**ASSIGNMENT:** In the material below, pictures must be dropped. Repeat exactly, and only, the lines from the line with "Superbe deux pièces" to the line with "Truck Winter Snow", both ends included.

**DATA EXCERPTS:**
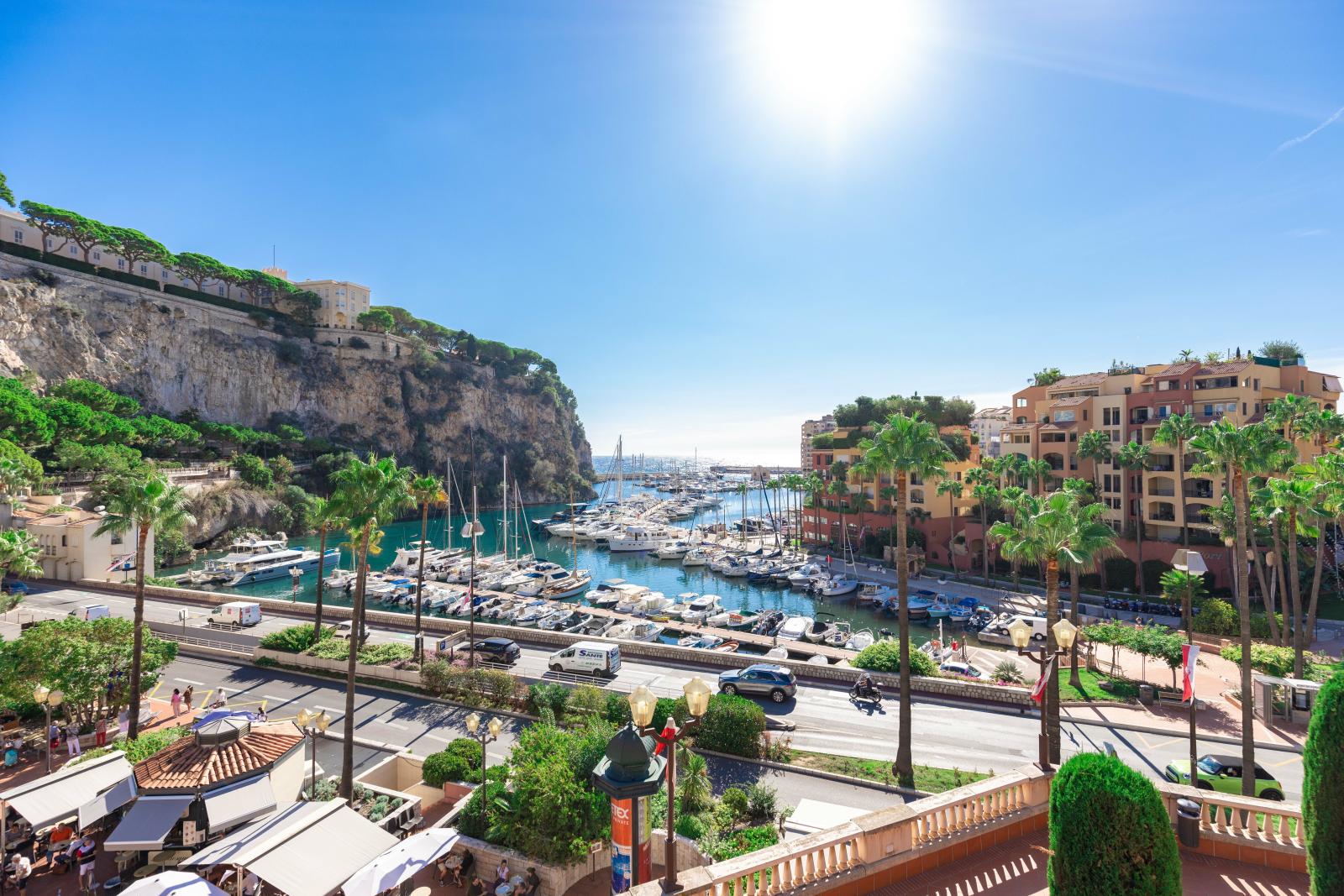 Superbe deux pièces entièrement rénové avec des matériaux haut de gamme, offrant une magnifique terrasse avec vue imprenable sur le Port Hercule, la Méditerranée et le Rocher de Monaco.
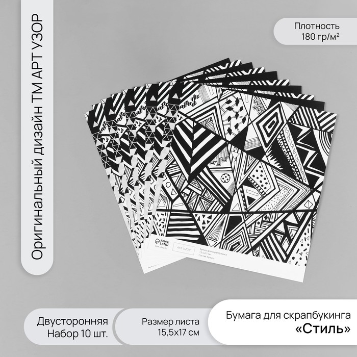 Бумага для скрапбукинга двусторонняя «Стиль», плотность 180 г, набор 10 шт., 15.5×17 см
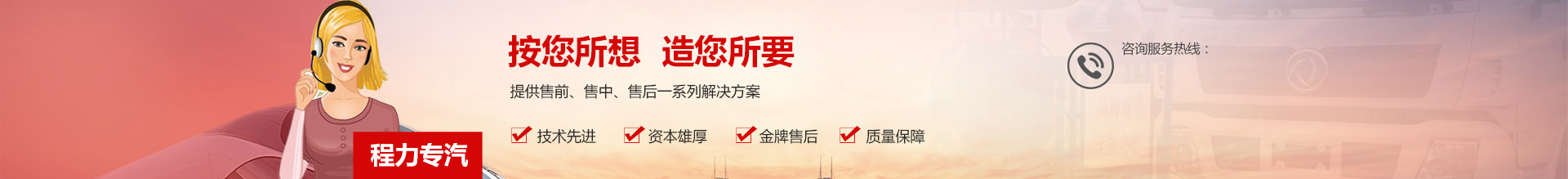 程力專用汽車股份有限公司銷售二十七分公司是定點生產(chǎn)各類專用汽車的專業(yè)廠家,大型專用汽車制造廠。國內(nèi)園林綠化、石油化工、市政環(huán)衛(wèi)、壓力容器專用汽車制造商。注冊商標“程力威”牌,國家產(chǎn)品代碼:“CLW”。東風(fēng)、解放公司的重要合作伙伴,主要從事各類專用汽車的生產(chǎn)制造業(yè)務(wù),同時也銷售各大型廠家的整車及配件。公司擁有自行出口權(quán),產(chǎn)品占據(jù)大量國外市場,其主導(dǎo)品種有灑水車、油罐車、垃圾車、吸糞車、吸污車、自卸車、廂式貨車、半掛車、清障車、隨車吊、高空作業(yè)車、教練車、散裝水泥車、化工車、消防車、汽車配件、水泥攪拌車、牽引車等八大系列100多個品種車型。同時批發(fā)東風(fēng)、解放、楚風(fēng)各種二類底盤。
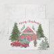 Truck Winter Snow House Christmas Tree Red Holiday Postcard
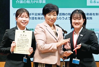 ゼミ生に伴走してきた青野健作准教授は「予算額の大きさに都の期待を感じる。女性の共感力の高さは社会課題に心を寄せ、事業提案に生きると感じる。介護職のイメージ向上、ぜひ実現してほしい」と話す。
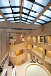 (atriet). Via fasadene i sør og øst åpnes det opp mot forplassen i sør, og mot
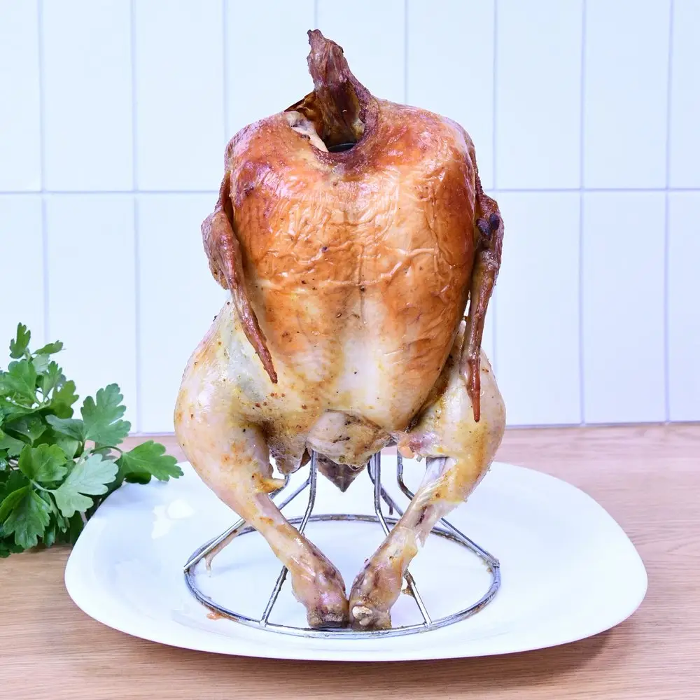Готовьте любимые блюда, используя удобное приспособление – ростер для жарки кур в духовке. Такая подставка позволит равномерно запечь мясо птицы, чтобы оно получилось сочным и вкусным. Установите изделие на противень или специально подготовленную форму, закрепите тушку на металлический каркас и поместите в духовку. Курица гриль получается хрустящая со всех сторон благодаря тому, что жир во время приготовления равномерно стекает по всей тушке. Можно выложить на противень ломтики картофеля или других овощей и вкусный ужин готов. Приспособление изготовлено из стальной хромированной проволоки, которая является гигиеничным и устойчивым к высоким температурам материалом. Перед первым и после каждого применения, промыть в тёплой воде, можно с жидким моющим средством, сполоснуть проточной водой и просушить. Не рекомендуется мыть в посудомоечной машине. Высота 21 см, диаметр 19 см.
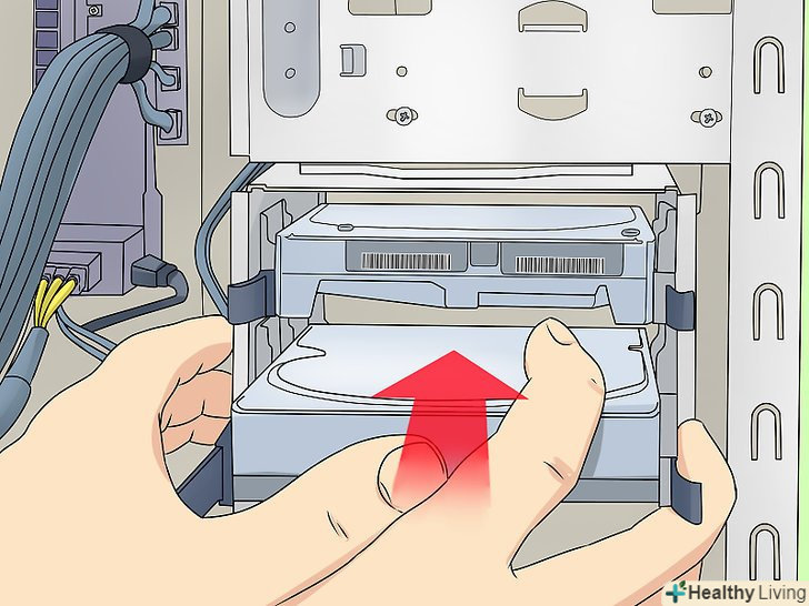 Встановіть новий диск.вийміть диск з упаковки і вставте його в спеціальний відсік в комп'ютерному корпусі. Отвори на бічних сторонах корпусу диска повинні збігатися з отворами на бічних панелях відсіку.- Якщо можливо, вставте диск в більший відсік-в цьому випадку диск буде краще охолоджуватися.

---

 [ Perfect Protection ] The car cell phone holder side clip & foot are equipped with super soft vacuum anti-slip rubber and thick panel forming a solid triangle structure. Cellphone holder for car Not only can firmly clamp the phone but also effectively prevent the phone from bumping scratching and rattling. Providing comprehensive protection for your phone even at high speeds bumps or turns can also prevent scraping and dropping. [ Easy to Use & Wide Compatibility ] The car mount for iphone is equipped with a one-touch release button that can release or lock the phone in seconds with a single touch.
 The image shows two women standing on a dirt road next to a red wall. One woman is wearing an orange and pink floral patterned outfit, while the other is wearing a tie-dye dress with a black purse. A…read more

==

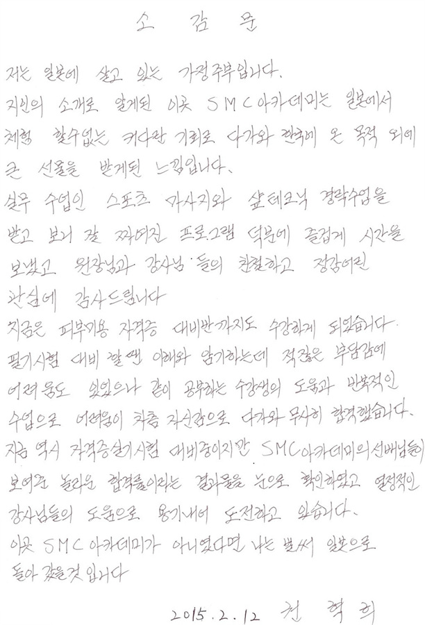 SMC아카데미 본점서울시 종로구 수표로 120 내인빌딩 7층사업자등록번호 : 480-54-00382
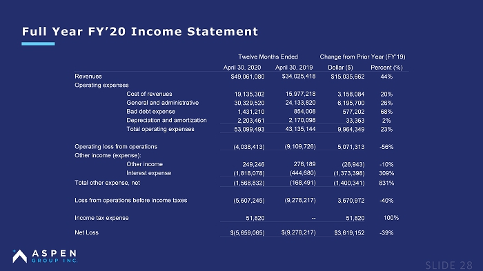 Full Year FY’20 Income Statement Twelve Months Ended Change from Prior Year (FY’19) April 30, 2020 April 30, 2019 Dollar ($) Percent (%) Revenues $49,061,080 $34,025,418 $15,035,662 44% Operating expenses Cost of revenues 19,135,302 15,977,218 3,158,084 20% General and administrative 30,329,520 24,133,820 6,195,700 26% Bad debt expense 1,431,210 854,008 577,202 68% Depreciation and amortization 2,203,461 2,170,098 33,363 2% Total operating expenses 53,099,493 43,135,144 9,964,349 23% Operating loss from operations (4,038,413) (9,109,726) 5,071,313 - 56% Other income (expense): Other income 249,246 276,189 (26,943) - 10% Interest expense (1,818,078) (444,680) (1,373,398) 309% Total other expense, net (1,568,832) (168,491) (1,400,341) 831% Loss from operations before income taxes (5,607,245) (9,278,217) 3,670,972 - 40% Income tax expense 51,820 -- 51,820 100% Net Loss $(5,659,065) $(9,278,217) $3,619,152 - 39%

**ANSWER BOX:**
 Superbe deux pièces entièrement rénové avec des matériaux haut de gamme, offrant une magnifique terrasse avec vue imprenable sur le Port Hercule, la Méditerranée et le Rocher de Monaco.
 Бумага для скрапбукинга двусторонняя «Стиль», плотность 180 г, набор 10 шт., 15.5×17 см
 程力專用汽車股份有限公司銷售二十七分公司是定點生產(chǎn)各類專用汽車的專業(yè)廠家,大型專用汽車制造廠。國內(nèi)園林綠化、石油化工、市政環(huán)衛(wèi)、壓力容器專用汽車制造商。注冊商標“程力威”牌,國家產(chǎn)品代碼:“CLW”。東風(fēng)、解放公司的重要合作伙伴,主要從事各類專用汽車的生產(chǎn)制造業(yè)務(wù),同時也銷售各大型廠家的整車及配件。公司擁有自行出口權(quán),產(chǎn)品占據(jù)大量國外市場,其主導(dǎo)品種有灑水車、油罐車、垃圾車、吸糞車、吸污車、自卸車、廂式貨車、半掛車、清障車、隨車吊、高空作業(yè)車、教練車、散裝水泥車、化工車、消防車、汽車配件、水泥攪拌車、牽引車等八大系列100多個品種車型。同時批發(fā)東風(fēng)、解放、楚風(fēng)各種二類底盤。
 Truck Winter Snow House Christmas Tree Red Holiday Postcard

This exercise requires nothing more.